**EXERCISE AIM:** Only an exact copy is wanted: the lines from the one holding "Sistem Operare Android" through the last line below, minus the pictures.

Top of RECORDED DATA

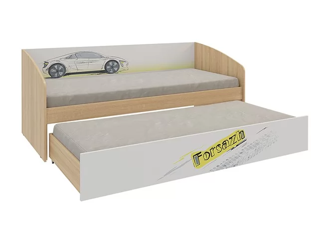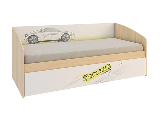 Кровать «Форсаж» выполнена в светлых оттенках: сочетании белого и дуба сонома, декорирована принтом автомобиля на фасаде спинки и надписью на фасаде выдвижного ящика. У кровати «Форсаж» удобное, эргономичное основание, комфортабельное спальное место. Вместительный нижний выдвижной ящик позволяет разместить в нем все необходимое постельное белье, одеяло, подушки, что существенно экономит место в комнате и шкафах, помогает поддерживать порядок в комнате. Кровать «Форсаж» в {{in_city}} является элементом одноименной модульной детской, может использоваться и в ее составе, и в качестве самостоятельного предмета мебели.
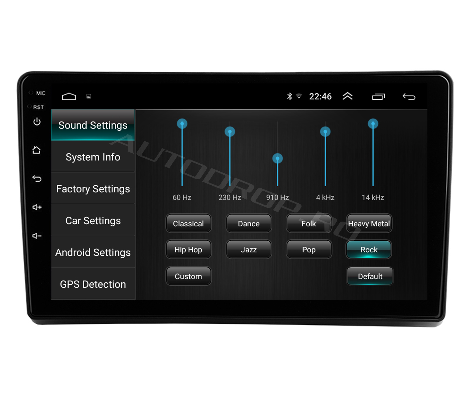 Sistem Operare Android 10, RAM: 1 GB, MEMORIE INTERNĂ: 16GB, CPU: Mediatek 8227L 1,3GHZx4 , Cip radio de inaltă calitate IC: NXP 6851 și Amplificator IC AC7315.
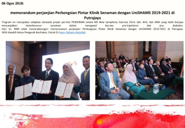 Hari ini, KKM telah menandatangani memorandum perjanjian Perkongsian Pintar Klinik Senaman dengan UniSHAMS 2019-2021 di Putrajaya.
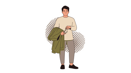 Casual young man holding a green jacket and standing against a dotted background in a modern

Bottom of RECORDED DATA

**RESPONSE AREA:**
 Sistem Operare Android 10, RAM: 1 GB, MEMORIE INTERNĂ: 16GB, CPU: Mediatek 8227L 1,3GHZx4 , Cip radio de inaltă calitate IC: NXP 6851 și Amplificator IC AC7315.
 Hari ini, KKM telah menandatangani memorandum perjanjian Perkongsian Pintar Klinik Senaman dengan UniSHAMS 2019-2021 di Putrajaya.
 Casual young man holding a green jacket and standing against a dotted background in a modern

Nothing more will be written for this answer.